This research study employed the descriptive survey research design. Locklear (2012) states that

a descriptive study is usually applied to samples in the range 20% to 30% of the population from which

the sample is taken. Kothari (2004) argues that a descriptive survey is concerned with describing,

recording, analysing and interpreting conditions under study. He further posits that this technique

resembles a laboratory research, where the scientist observes and then interprets what has been

observed. The sample proportion and nature of the study qualified the researcher to apply the

descriptive survey design on the 8 schools in Zvishavane, with its 16 teachers and 65 learners to enable

a more in-depth study of ethno Mathematics embedded in the culture of the Karanga people.

2.2 Population

The study population comprised 27 secondary schools, about 54 Mathematics teachers and more

than 9000 students altogether in Zvishavane District. It is from this population that the research sample

was taken for the study, while 16 individuals from across the Zvishavane community were involved in





the Karanga cultural games observations and interviews. This district is mainly Karanga community,

and is one of the regions with very poor performance in Mathematics in schools in the country.

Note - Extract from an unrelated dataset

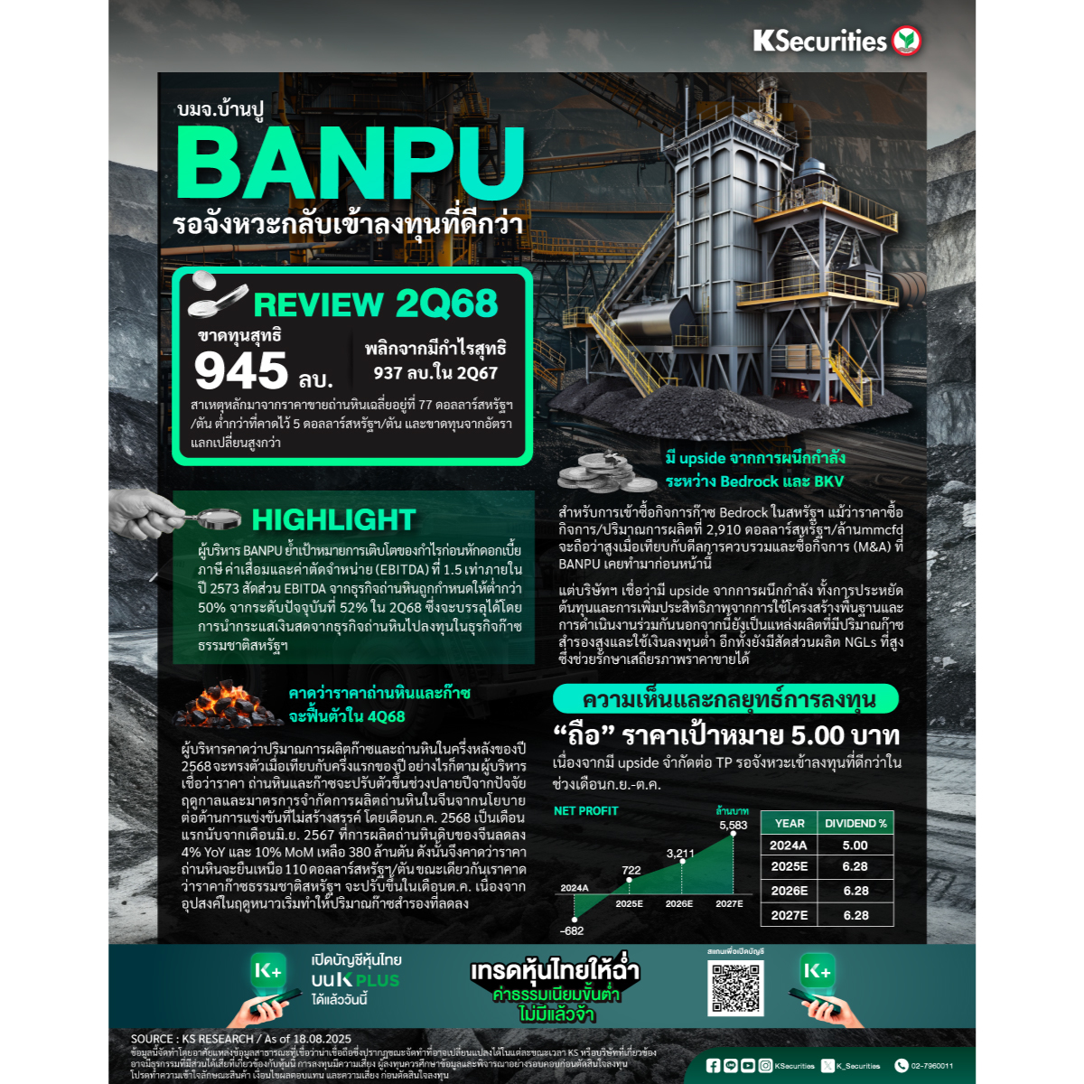 - คาดว่าปริมาณการขายถ่านหินและก๊าซใน 2H68 จะทรงตัว HoH แต่ราคามีแนวโน้มปรับขึ้นในไตรมาส 4/68 จากปัจจัยฤดูกาล อุปสงค์ก๊าซ LNG ในสหรัฐฯที่สูงขึ้น และการจำกัดการผลิตถ่านหินของจีน

2.3 Sampling and Sampling Techniques

The study sample for this research had 8 secondary schools, 15 Mathematics teachers and 65

Form 4 Mathematics learners sampled from the population. Simple random sampling technique was

applied to select secondary schools from the schools list provided at the district education office. Quota

sampling method was employed in selecting teachers and learners. The researcher was allowed access

to the staff list at district education offices for the purposes of this study. There was also a list of all the

district Form 4 learners which had been provided by schools for the purposes of examination electronic

registration. It was from these lists that quota sampling technique was used to ensure ratio gender

representation.

2.4 Instrumentation

To capture the desired data for the study, questionnaires, interviews and observations were

designed to gather information to cover a number of variables, such as the current performance in

Mathematics, evidenced by the pass rates figures obtained from the statistics kept at the education

offices. A questionnaire consists of a multiple choice or closed and open-ended questions, whereby the

closed ones require the “Yes” or “No”, “Agree”, “Disagree” type of questions. The open-ended

questions give room for the respondent to express their opinion freely (Creswell, 2009), although

research subjects can abuse this freedom and give irrelevant information.

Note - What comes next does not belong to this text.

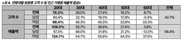 전년 동기 대비 원정팬 매출 분석 결과 20대 관중이 모든 연령대 중 가장 큰 증가세를 기록하는 등 1천만 관중 돌파에 크게 기여한 것이 확인됐다. 특히, 20대 여성 원정팬이 경기장 인근에서 소비한 금액은 전년 동기 대비 2배 이상 증가했다.(표 4. 참고)

2.5 Validity and Reliability Issues

This research, as was alluded to earlier, takes a mixed method research design, with more

inclination to qualitative design. Cohen (2000) posits that subjectivity of respondents‟ opinions,

attitudes and perspectives render the data somewhat biased, as is always the characteristics of

qualitative research design. Reliability relate to whether the research results are consistent, or can be

trusted in relation to the data collected (Cohen, 2000). As described by Atebe (2008), “reliability

simply means dependability, stability, consistency and accuracy” of a methodology applied to gather

research data, while validity, on the other hand, is based on the authenticity of the data collected. To

address the issues of validity and reliability, in this study, the researcher made an attempt to record data

in form of pictures, of children observed playing Karanga games and those few artefacts that were seen.

The explanations, descriptions, diagrams, were generated from the participants, rather than from the

researcher‟s own pre-conceived ideas.

2.6 Ethical consideration

Ethics are principles that guide researchers when conducting their researches (Chiromo, 2010).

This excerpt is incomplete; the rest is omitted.